RGGI states have used the money generated from the sale of allowances over the past decade to reduce utility bills, improve energy efficiency, and provide incentives for clean energy.

Since RGGI began in 2009, participating states have substantially reduced carbon emissions while also enjoying strong economic growth. Carbon emissions from power plants in RGGI states have decreased 47%, while their economies grew by 47%, both exceeding the rest of the country by wide margins. Electricity prices in RGGI states fell 5.7% the first ten years of the program, while increasing in the rest of the country.

Last week, the NC Environmental Management Commission took the first step to cost-effective reduction of carbon emissions from the power sector by approving proposed rules that would allow North Carolina to join Virginia and other states in the successful, cost-effective regional effort to reduce carbon emissions and address climate change under RGGI.

But the legislature has other ideas.

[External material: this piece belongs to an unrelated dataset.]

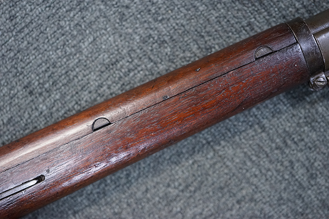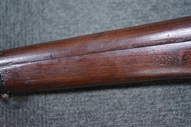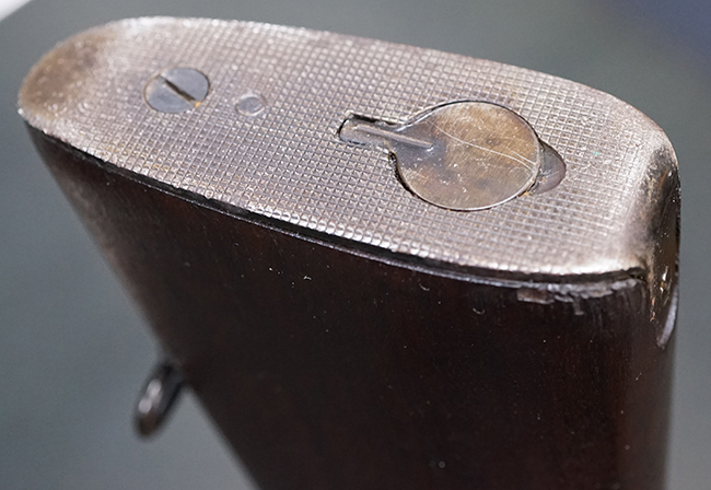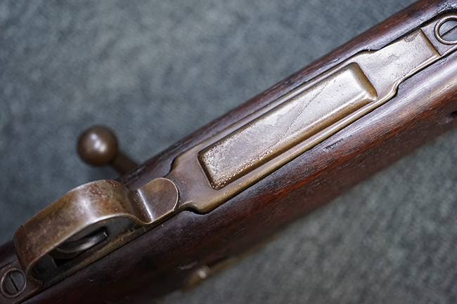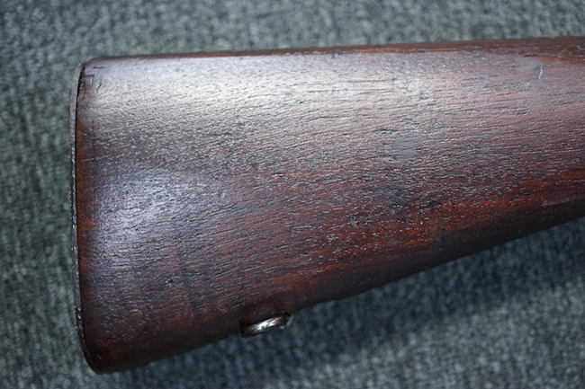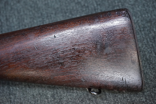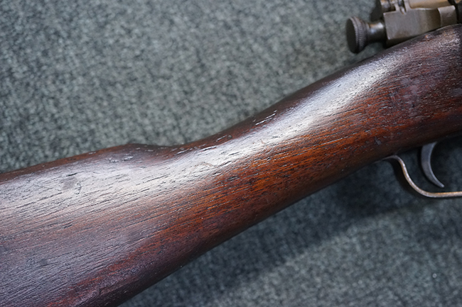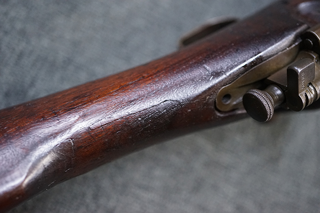 本品の機関部や銃身といった金属部はやや小傷や擦れ、錆の跡が見られるものの、目立った欠損は見受けられず、パーカー仕上げも大部分に残った比較的良好な状態が保たれています。 木製銃床については、やはり細かな打ち傷や線傷が散見されるものの、現状目立った割れや欠けなども見られず、こちらもコンディションは概ね良好です。 バット・プレート部についても若干の打ち傷や擦れを除いて目立った変形等は見られず、ストック内コンパートメントの開閉についても問題なく行う事が可能です。 リア・サイトの調整については問題なく行う事が可能です。 トリガーテンションの有る、ボルトが閉じた状態で固定された旧加工品です。 (YS)
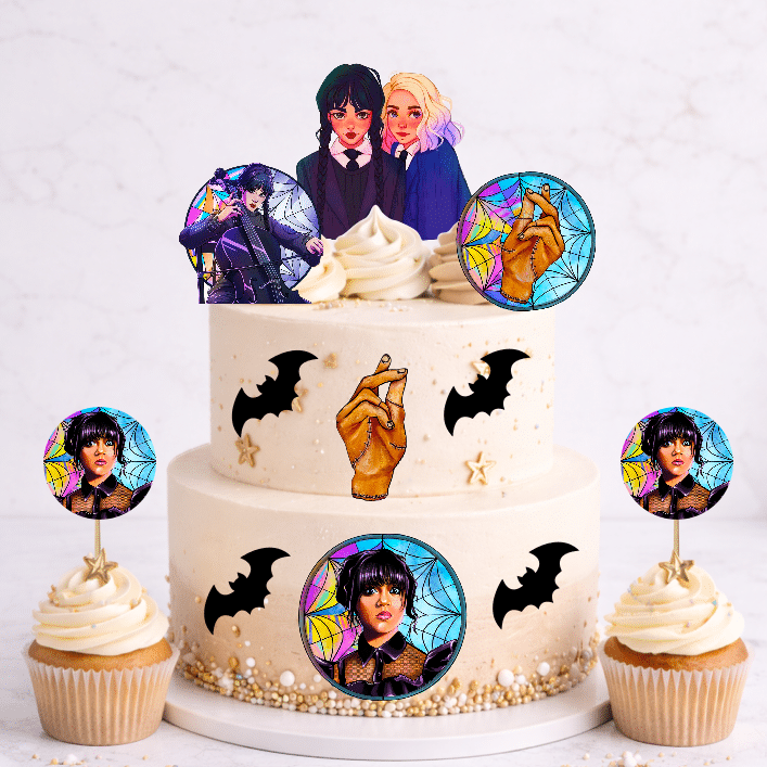 Transformă tortul aniversar într-un decor misterios și elegant cu figurinele pentru tort Wednesday. Aceste toppere tematice sunt perfecte pentru decorarea tortului la aniversarea copiilor și adolescenților și completează ideal o petrecere în tematica Wednesday Addams.

Legislators have been secretly meeting with Duke Energy and in a midnight vote last week the House passed a bill that would shut down some Duke coal-fired power plants, but replace them with climate polluting gas plants – at a time when scientists tell us we need to phase out all fossil fuel. The legislation would also allow Duke to bypass the normal process in which the Utilities Commission requires the most cost- effective sources of power and minimizes costs to customers. The legislation would not achieve close to the needed carbon reductions, and is a free ticket to Duke to continue fossil fuel climate pollution while gouging utility bill payers.

The Senate should reject the bill and Duke Energy’s current plans that are inadequate to meet carbon reduction goals, would continue and expand reliance on fossil fuels, and would be expensive for utility bill payers. North Carolina’s leaders should tell Duke Energy what it needs to do, and not have Duke Energy tell our legislators what they have to do.

Legislative leaders should instead build on the hard work already done, and work with the governor to develop a program that will achieve a 70% reduction in carbon emissions by 2030, create jobs by accelerating the transition to renewable energy, and protect utility customers. We need to do our part to address climate change, which is already impacting our economy and environment. And do it quickly.

Derb Carter is the director of the Southern Environmental Law Center’s North Carolina offices.